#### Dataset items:
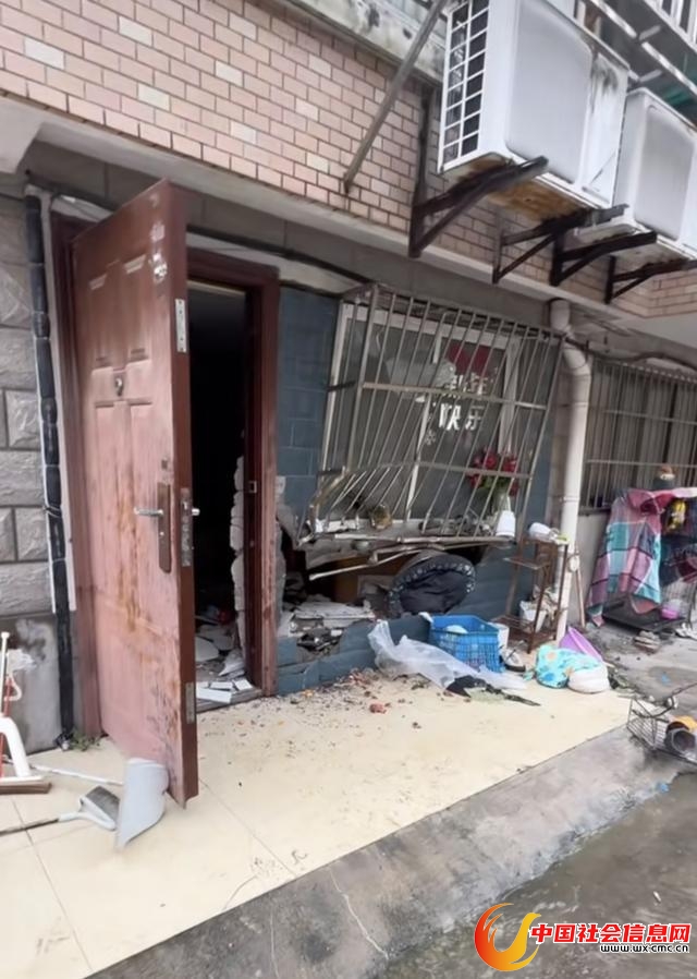 外墙被撞出一个大洞,防盗窗被撞变形,各种物品散落一地,一片狼藉。肇事车辆受损。
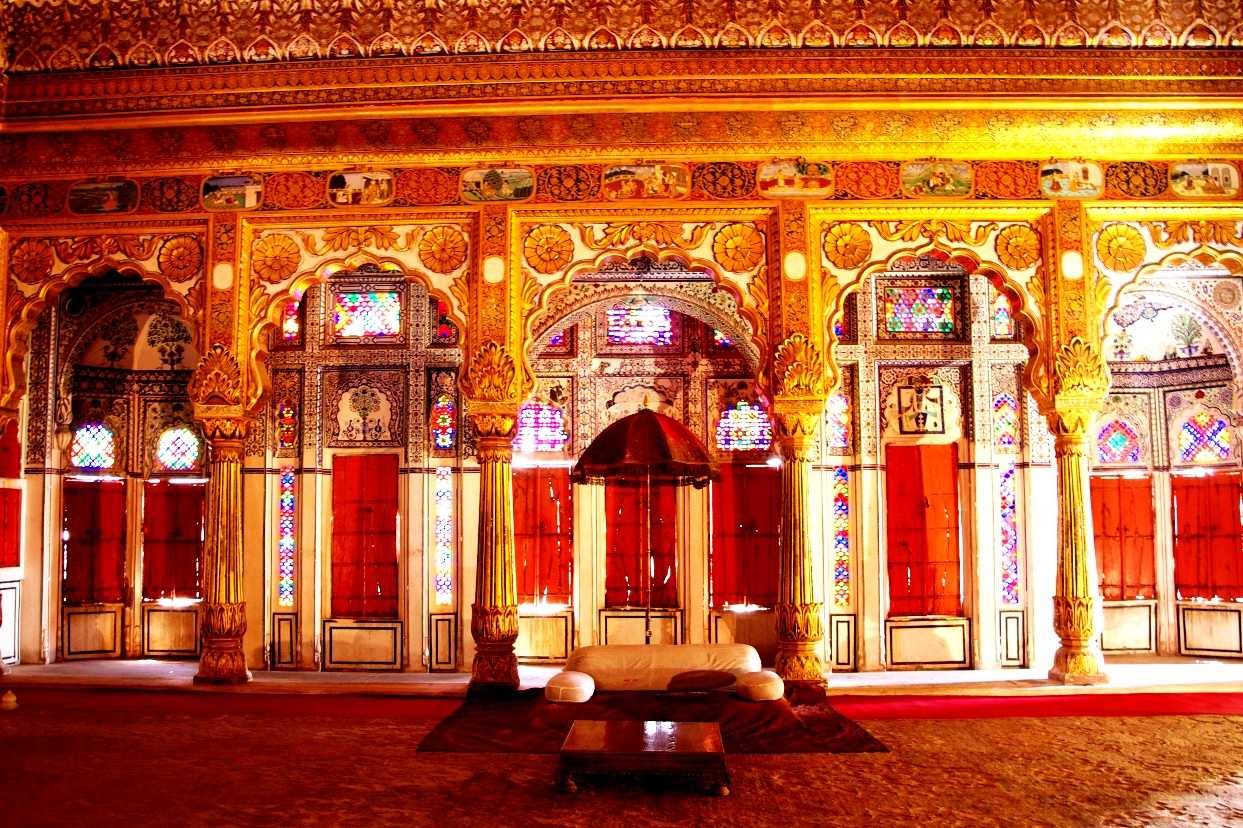 В здании Мубарак-Махал, украшением которого служат грандиозные «Слоновые ворота» с уникальной резьбой по мрамору, находится музей тканей, костюмов и музыкальных инструментов. В зале Силех Кхана выставлена коллекция церемониального оружия из золотого, инструктированного бриллиантами. В зале аудиенций представлены портреты (фотографии и старинные полотна) первых лиц Раджастана, наших современников и махараджей, а так же фотографии именитых гостей и фоторепортажи приемов этих гостей. Во дворце собрана лучшая библиотека древних манускриптов и рукописей.
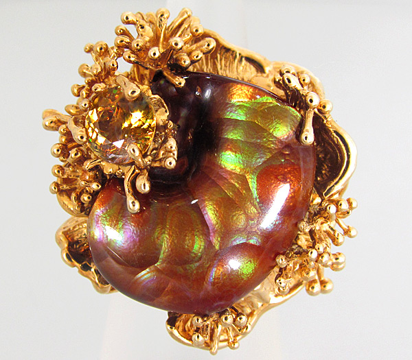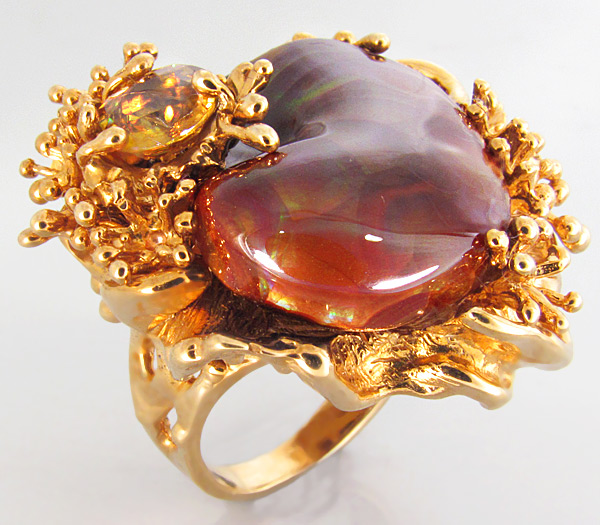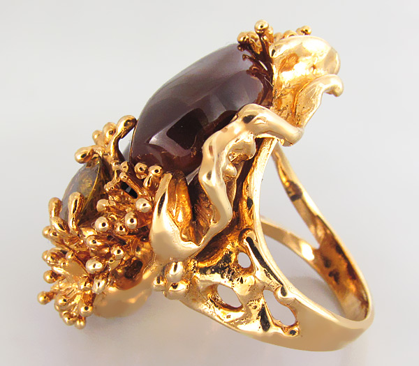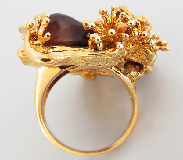 Вашему вниманию предлагается кольцо из золота 585 пробы с мексиканским огненным агатом и великолепным золотистым сфеном! Уникальный эскиз кольца выполнен дизайнером компании «Серебряные линии». Площадка кольца 32 х 30 мм, высота 13 мм. Вес изделия 21,7 г. Размер 16,5. Ниже приводятся ювелирные характеристики вставок.
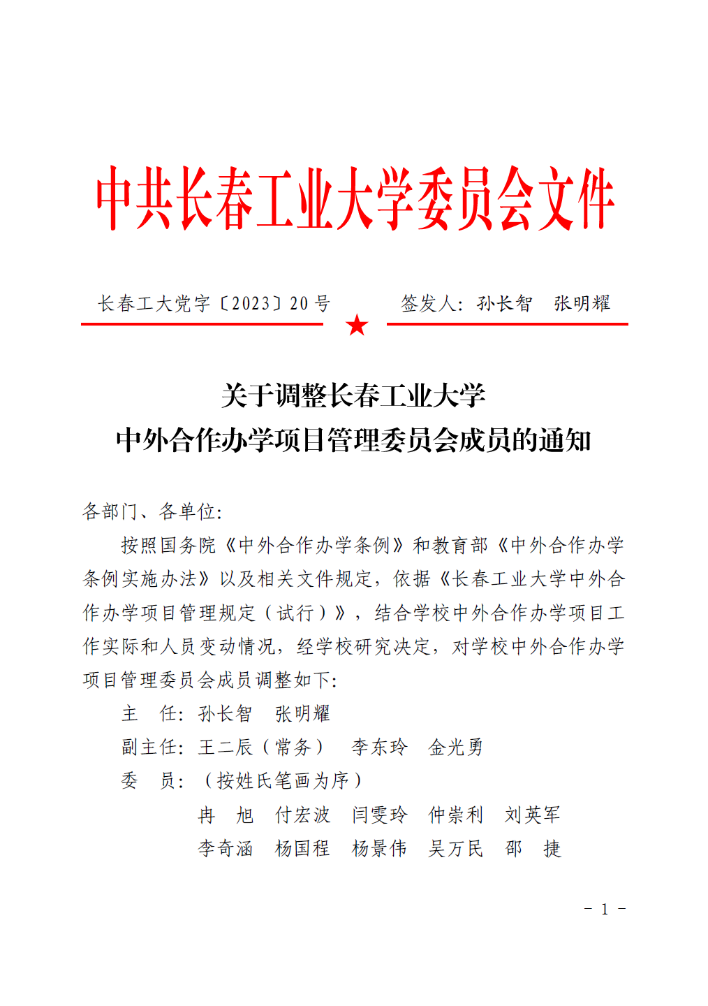 关于调整自拍流出 中外合作办学项目管理委员会成员的通知
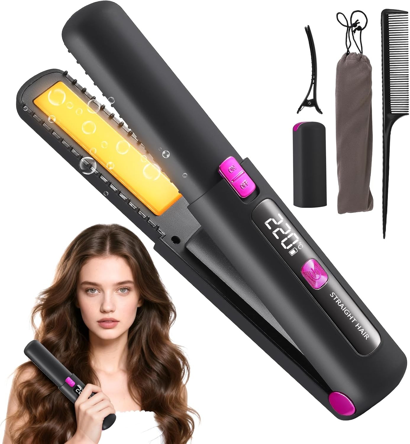 Hot Comb,2-in-1 Mini Hair Straightener,30s Fast Heating Cordless Hair Straighteners,3-Speed Temperature,USB Rechargeable,2000Mah (Black)
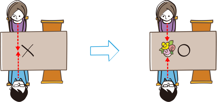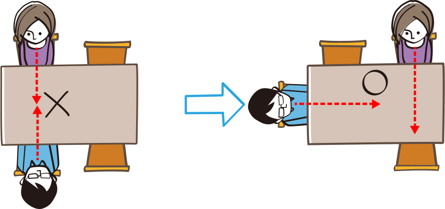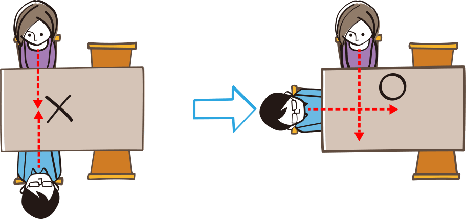 正面に向かい合わず、互い違いに座る
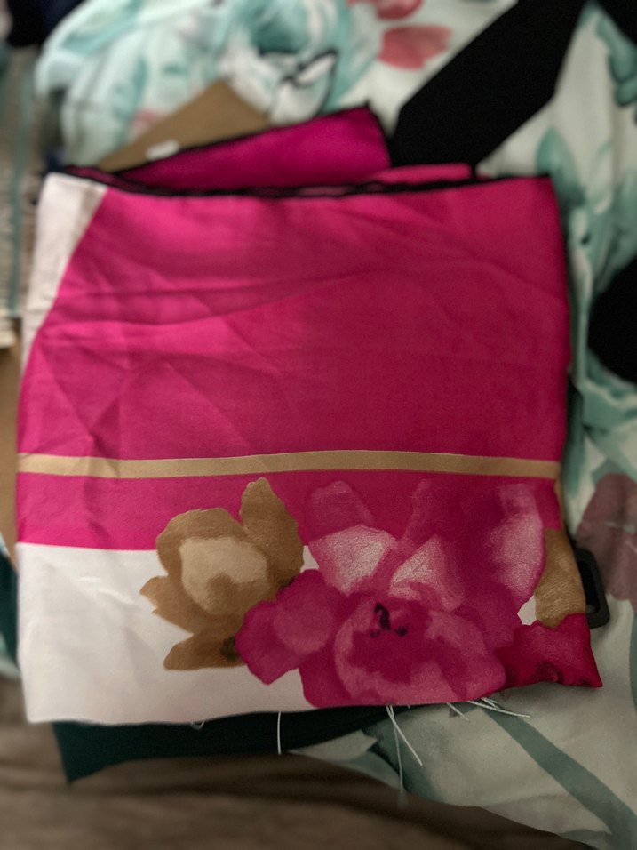 Kadın şal, koyu pembe renk ve çiçek desenleriyle, yumuşak sentetik kumaştan, bohem tarzda drapeli şekilde tasarlanmıştır. Eşarplar tanesi 50

#### AIM OF THE TASK:
Nothing is needed beyond an exact transcription of the lines from the one containing "关于调整自拍流出 中外合作办学项目管理委员会成员的通知" to the end of the entries above, with the pictures omitted.

#### YOUR SOLUTION:
 关于调整自拍流出 中外合作办学项目管理委员会成员的通知
 Hot Comb,2-in-1 Mini Hair Straightener,30s Fast Heating Cordless Hair Straighteners,3-Speed Temperature,USB Rechargeable,2000Mah (Black)
 正面に向かい合わず、互い違いに座る
 Kadın şal, koyu pembe renk ve çiçek desenleriyle, yumuşak sentetik kumaştan, bohem tarzda drapeli şekilde tasarlanmıştır. Eşarplar tanesi 50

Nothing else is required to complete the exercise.